---
title: "Profiling Stan programs with CmdStanR"
author: "Rok Češnovar, Jonah Gabry and Ben Bales"
output:
  rmarkdown::html_vignette:
    toc: true
    toc_depth: 4
params:
  EVAL: !r identical(Sys.getenv("NOT_CRAN"), "true")
vignette: >
  %\VignetteIndexEntry{Profiling Stan programs with CmdStanR}
  %\VignetteEngine{knitr::rmarkdown}
  %\VignetteEncoding{UTF-8}
---

```{r child="children/_settings-knitr.Rmd"}
```

## Introduction

This vignette demonstrates how to use the new profiling functionality
introduced in CmdStan 2.26.0.

Profiling identifies which parts of a Stan program are taking the longest time
to run and is therefore a useful guide when working on optimizing the
performance of a model.

However, be aware that the statistical assumptions that go into a model are
the most important factors in overall model performance. It is often not
possible to make up for model problems with just brute force computation. For
ideas on how to address performance of your model from a statistical
perspective, see Gelman (2020).

```{r library, message=FALSE}
library(cmdstanr)
check_cmdstan_toolchain(fix = TRUE, quiet = TRUE)
```

## Adding profiling statements to a Stan program

Consider a simple logistic regression with parameters `alpha` and `beta`,
covariates `X`, and outcome `y`.

```
data {
  int<lower=1> k;
  int<lower=0> n;
  matrix[n, k] X;
  array[n] int y;
}
parameters {
  vector[k] beta;
  real alpha;
}
model {
  beta ~ std_normal();
  alpha ~ std_normal();

  y ~ bernoulli_logit(X * beta + alpha);
}
```

A simple question is how much time do the prior calculations take compared
against the likelihood? To answer this we surround the prior and likelihood
calculations with `profile` statements.

```
profile("priors") {
  target += std_normal_lpdf(beta);
  target += std_normal_lpdf(alpha);
}
profile("likelihood") {
  target += bernoulli_logit_lpmf(y | X * beta + alpha);
}
```

In general we recommend using a separate `.stan` file, but for convenience in
this vignette we'll write the Stan program as a string and use
`write_stan_file()` to write it to a temporary file.

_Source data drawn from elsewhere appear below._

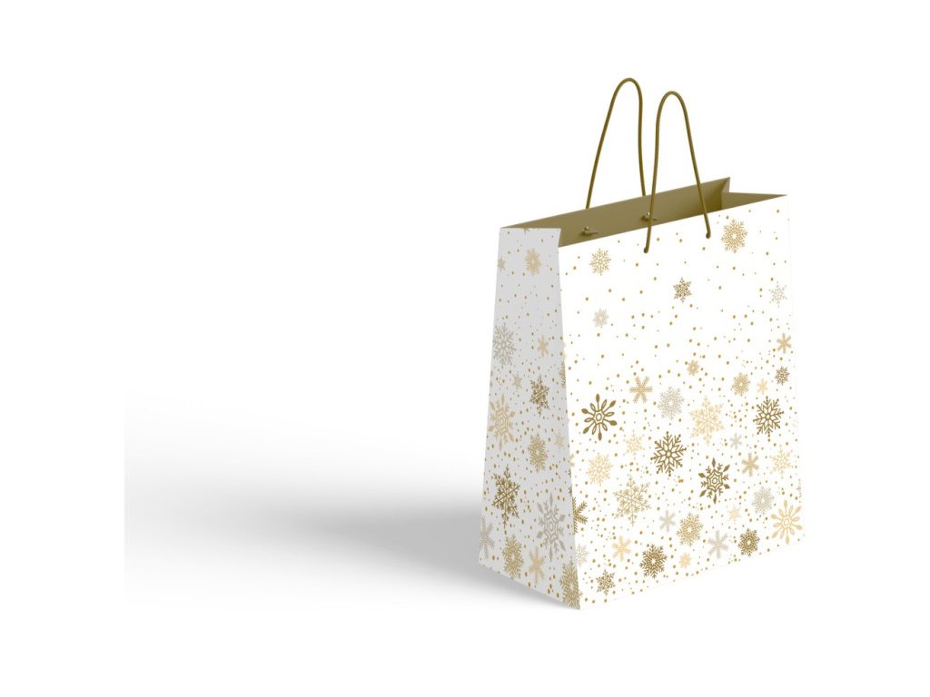 Taška dárková 260x120x320 mm Vločky bílá zlatá
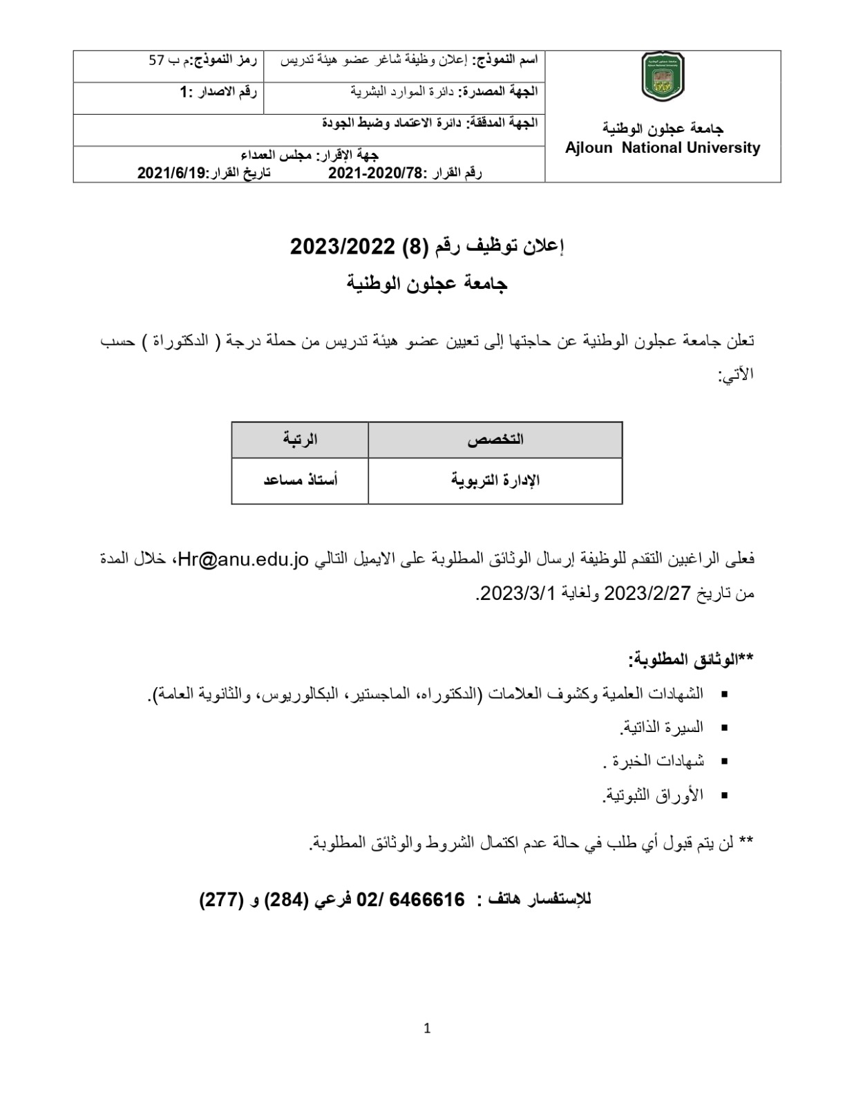 جامعة عجلون الوطنية تعلن عن حاجتها لتعيين هيئة تدريس من حملة الدكتوراةأخبار جامعة عجلون الوطنيةأخبار عجلونية في فبراير 27, 2023 أكمل القراءة شارك
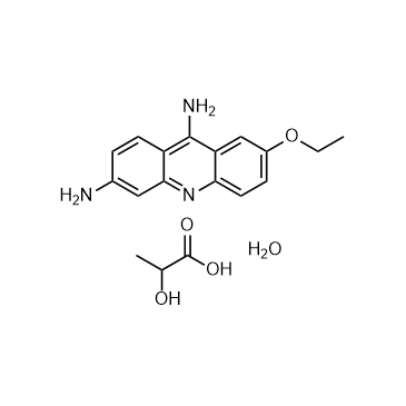Ethacridine lactate (Acrinol) monohydrate is a widely used antiseptic and abortifacient. Ethacridine lactate monohydrate is effective against Staphylococcus aureus and other gram-positive cocci. Ethacridine lactate monohydrate is also a poly(ADP-ribose) glycohydrolase (PARG) inhibitor[1][2][3]. IC50 & Target: poly(ADP-ribose) glycohydrolase (PARG)[2] In Vitro: Acrinol is effective against S. aureus including MRSA, with the MICs ranging from 100-200 μg/mL. The MIC of Acrinol for Eschericia coli is 200-800 μg/mL, and it is over 1,600 μg/mL for Proteus vulgaris and Proteus mirabilis[3]. In Vivo: Ethacridine lactate can be used for termination of pregnancy[1].
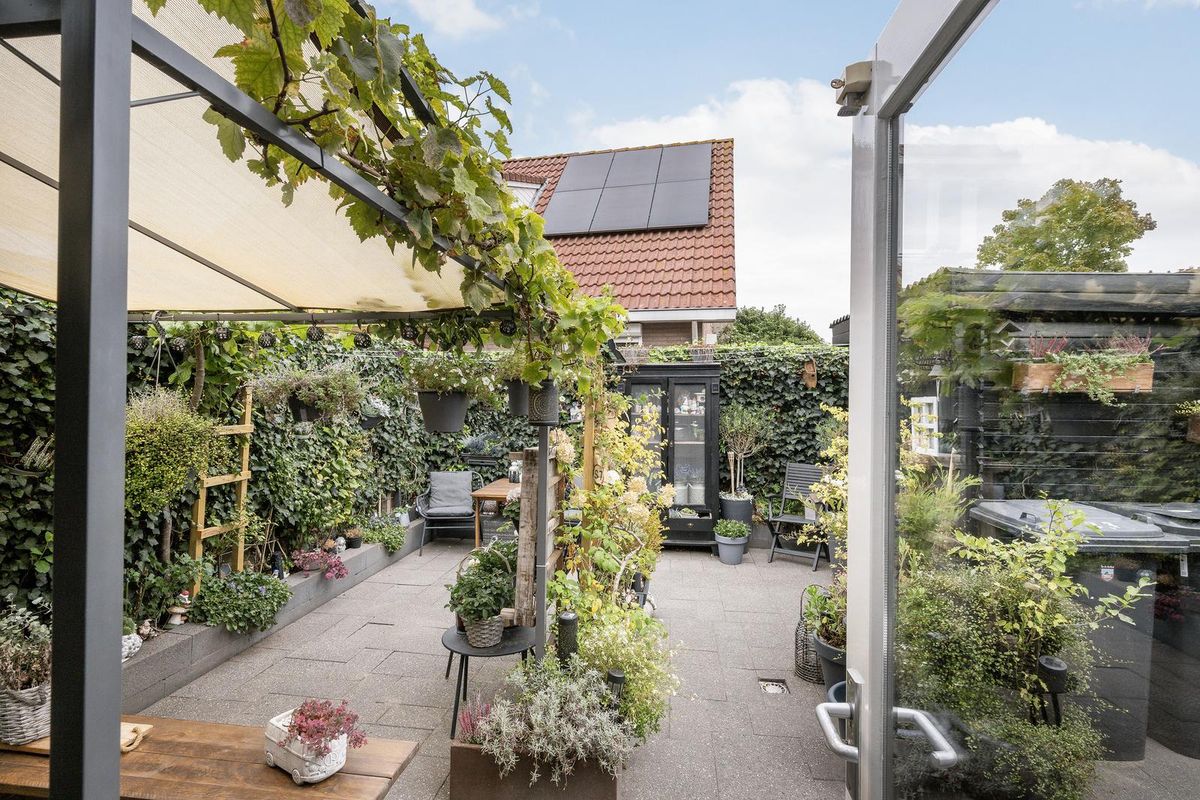 De achtertuin ligt op het noordoosten en beschikt over sierbestrating, plantenborders, achterom, buitenkraan, elektra, een houten berging (circa 1.76 bij 1.78 m) en een overkapping voor de fietsen.
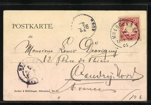 alte Ansichtskarte, gelaufen 1905, Eckknick re. unten, guter Zustand
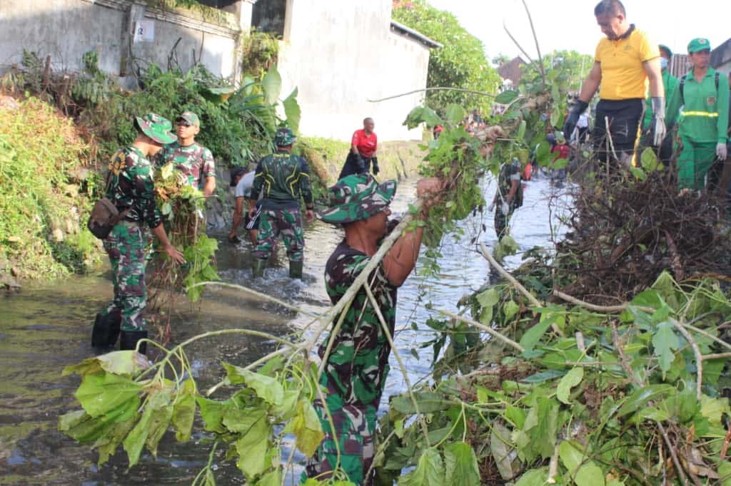 CyberTNI.id | Gianyar, Senin 27 Oktober 2025 – Abianbase, Dalam rangka Gotong Royong Semesta Berencana Bersih-bersih Sungai serta memperingati Rahinan Tumpek Wariga (Wana Kerthi), Kodim 1616/Gianyar dipimpin langsung oleh Dandim 1616/Gianyar Letkol Kav Rizal Wijaya, S.H., M.I.P., bersama unsur Forkopimda Kabupaten Gianyar dan masyarakat melaksanakan kegiatan karya bakti pembersihan sungai di Sungai Bunga, Desa Abianbase, Kelurahan Abianbase, Kecamatan Gianyar, Kabupaten Gianyar. Kegiatan ini menjadi salah satu bentuk nyata kepedulian terhadap lingkungan serta wujud implementasi nilai-nilai “Nangun Sat Kerthi Loka Bali”.
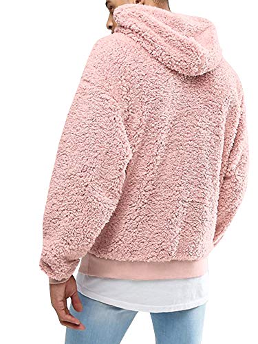 Gemijacka Felpa da uomo con cappuccio, in pile Teddy, con tasche, Colore: rosa., L
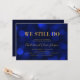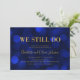 Convite de aniversário de casamento sofisticado com as palavras "We still do" em folha de ouro falso sobre um fundo de luzes bokeh azul safira na parte da frente e um fundo azul escuro na parte de trás. Este convite é perfeito para celebrar um aniversário de casamento de qualquer ano, bastando adicionar o número de anos que está sendo celebrado no texto do espaço reservado.

```{r profiling_bernoulli_logit.stan}
profiling_bernoulli_logit <- write_stan_file('
data {
  int<lower=1> k;
  int<lower=0> n;
  matrix[n, k] X;
  array[n] int y;
}
parameters {
  vector[k] beta;
  real alpha;
}
model {
  profile("priors") {
    target += std_normal_lpdf(beta);
    target += std_normal_lpdf(alpha);
  }
  profile("likelihood") {
    target += bernoulli_logit_lpmf(y | X * beta + alpha);
  }
}
')
```

We can then run the model as usual and Stan will collect the profiling
information for any sections with `profile` statements.

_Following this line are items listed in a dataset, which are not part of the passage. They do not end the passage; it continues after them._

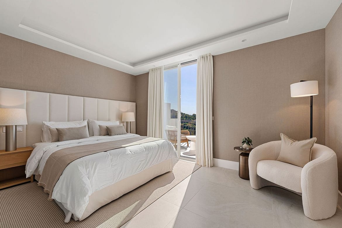 An exquisitely totally reformed townhouse located in the popular urbansiation of El Mirador de La Quinta in Benahavis. As you enter the property, you are greeted with an abundance of light, high ceilings and sea views through the extra high sliding terrace doors. The bespoke open-plan kitchen leads down to the extremely spacious living/dining room and straight out onto the covered terrace leading to the communal gardens offering stunning South-East facing views towards the sea and mountain. On the first floor you have 3 bedrooms and 3 bathrooms with the master bedroom having a generous walk in wardrobe, private terrace and a large bathroom suite with stunning views. On the third floor you have the 4th bedroom suite having access to 2 terraces also with stunning views. The townhouse was completely gutted and has been fitted with high quality materials throughout, the interior decoration and color scheme has been carefully selected creating a classy yet warm feeling. A truly magnificent townhouse in a very popular location.
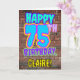 La parte delantera de este divertido diseño de tarjetas de felicitación de cumpleaños incluye el mensaje "FELIZ CUMPLEAÑOS 75″, con un aspecto vibrante, colorido e inspirado en el graffiti, junto con un nombre editable del destinatario. El fondo del frente está decorado con una pared de ladrillo. El interior tiene un mensaje de saludo de cumpleaños modificable, o tal vez podría ser borrado y dejado en blanco si se va a escribir un mensaje a mano. Una divertida y editable tarjeta de felicitación de cumpleaños como esta podría ser usada para celebrar el cumpleaños setenta y cinco de alguien. [~Z0000531]
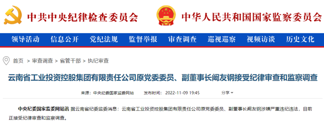 11月9日,中央纪委国家监委网站权威发布称,据云南省纪委监委消息:云南省工业投资控股集团有限责任公司原党委委员、副董事长阚友钢涉嫌严重违纪违法,目前正接受纪律审查和监察调查。
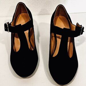 NEW WITHOUT BOX ~ Women's US Size 8W (8 Wide Width) / EUR Size 39 ~ Black Faux Suede T-Strap Mary Jane Heels ~ Adjustable Buckle Strap ~ 2.5 Inch Heel Height ~ Only Worn Once While Inside for a Short Time ~ Unbranded
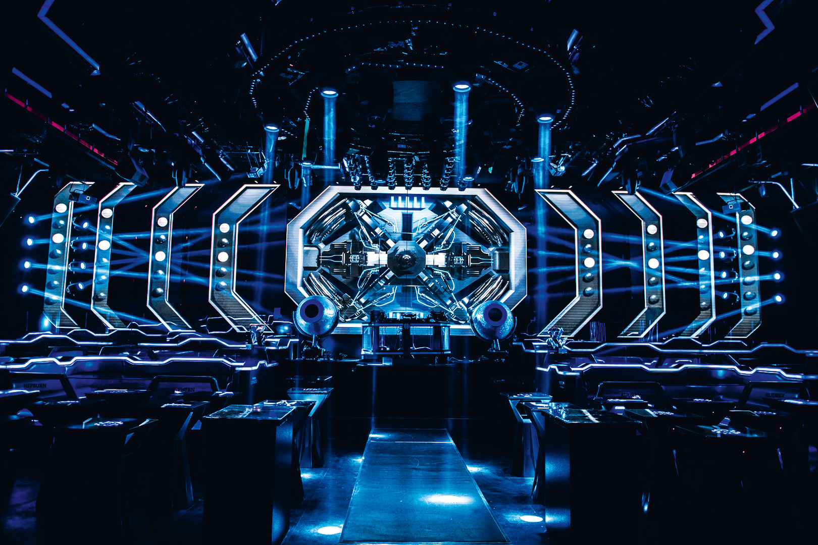 This entertainment venue presents itself as a trendsetting “club of the future”. The style of the interior design is futuristic. Videos, customisable stages and the use of cutting-edge technology meet contemporary entertainment requirements. Futuristic style generally works with shades of white, black and grey. In this club, however, blue has been used to represent a new, creative approach. LEDs and lights divide the space into separate areas and create a cinema-like look.
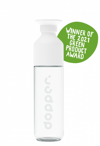 Gewinner in der Kategorie ‘New living and Sustainable Lifestyle Design for Consumer Goods 2021’. Die wiederverwendbare Glasflasche von Dopper hat die visionären Expertenjury vom renommierten Green Product Award-Wettbewerb einstimmig überzeugt. Während der Online-Zeremonie wurde das niederländische Unternehmen Dopper für ihre Design Glasflasche ausgezeichnet. Die Dopper Glas ist die erste Cradle to Cradle zertifizierte Glas Flasche.

```{r fit-model, message=FALSE, results='hide'}
# Compile the model
model <- cmdstan_model(profiling_bernoulli_logit)

# Generate some fake data
n <- 1000
k <- 20
X <- matrix(rnorm(n * k), ncol = k)

y <- 3 * X[,1] - 2 * X[,2] + 1
p <- runif(n)
y <- ifelse(p < (1 / (1 + exp(-y))), 1, 0)
stan_data <- list(k = ncol(X), n = nrow(X), y = y, X = X)

# Run one chain of the model
fit <- model$sample(data = stan_data, chains = 1)
```

## Accessing the profiling information from R

The raw profiling information can then be accessed with the `$profiles()`
method, which returns a list containing one data frame per chain (profiles
across multiple chains are not automatically aggregated). Details on the column
names are available in the
[CmdStan documentation](https://mc-stan.org/docs/2_26/cmdstan-guide/stan-csv.html#profiling-csv-output-file).

```{r profiles}
fit$profiles()
```

The `total_time` column is the total time spent inside a given profile
statement. It is clear that the vast majority of time is spent in the likelihood
function.

## Comparing to a faster version of the model

Stan's specialized glm functions can be used to make models like this faster. In
this case the likelihood can be replaced with

```
target += bernoulli_logit_glm_lpmf(y | X, alpha, beta);
```

We'll keep the same `profile()` statements so that the profiling information for
the new model is collected automatically just like for the previous one.

```{r profiling_bernoulli_logit_glm.stan}
profiling_bernoulli_logit_glm <- write_stan_file('
data {
  int<lower=1> k;
  int<lower=0> n;
  matrix[n, k] X;
  array[n] int y;
}
parameters {
  vector[k] beta;
  real alpha;
}
model {
  profile("priors") {
    target += std_normal_lpdf(beta);
    target += std_normal_lpdf(alpha);
  }
  profile("likelihood") {
    target += bernoulli_logit_glm_lpmf(y | X, alpha, beta);
  }
}
')
```

```{r fit-model-glm, message=FALSE, results='hide'}
model_glm <- cmdstan_model(profiling_bernoulli_logit_glm)
fit_glm <- model_glm$sample(data = stan_data, chains = 1)
```

```{r profiles-glm}
fit_glm$profiles()
```

We can see from the `total_time` column that this is much faster than the
previous model.

## Per-gradient timings, and memory usage

The other columns of the profiling output are documented in the
[CmdStan documentation](https://mc-stan.org/docs/2_26/cmdstan-guide/stan-csv.html#profiling-csv-output-file).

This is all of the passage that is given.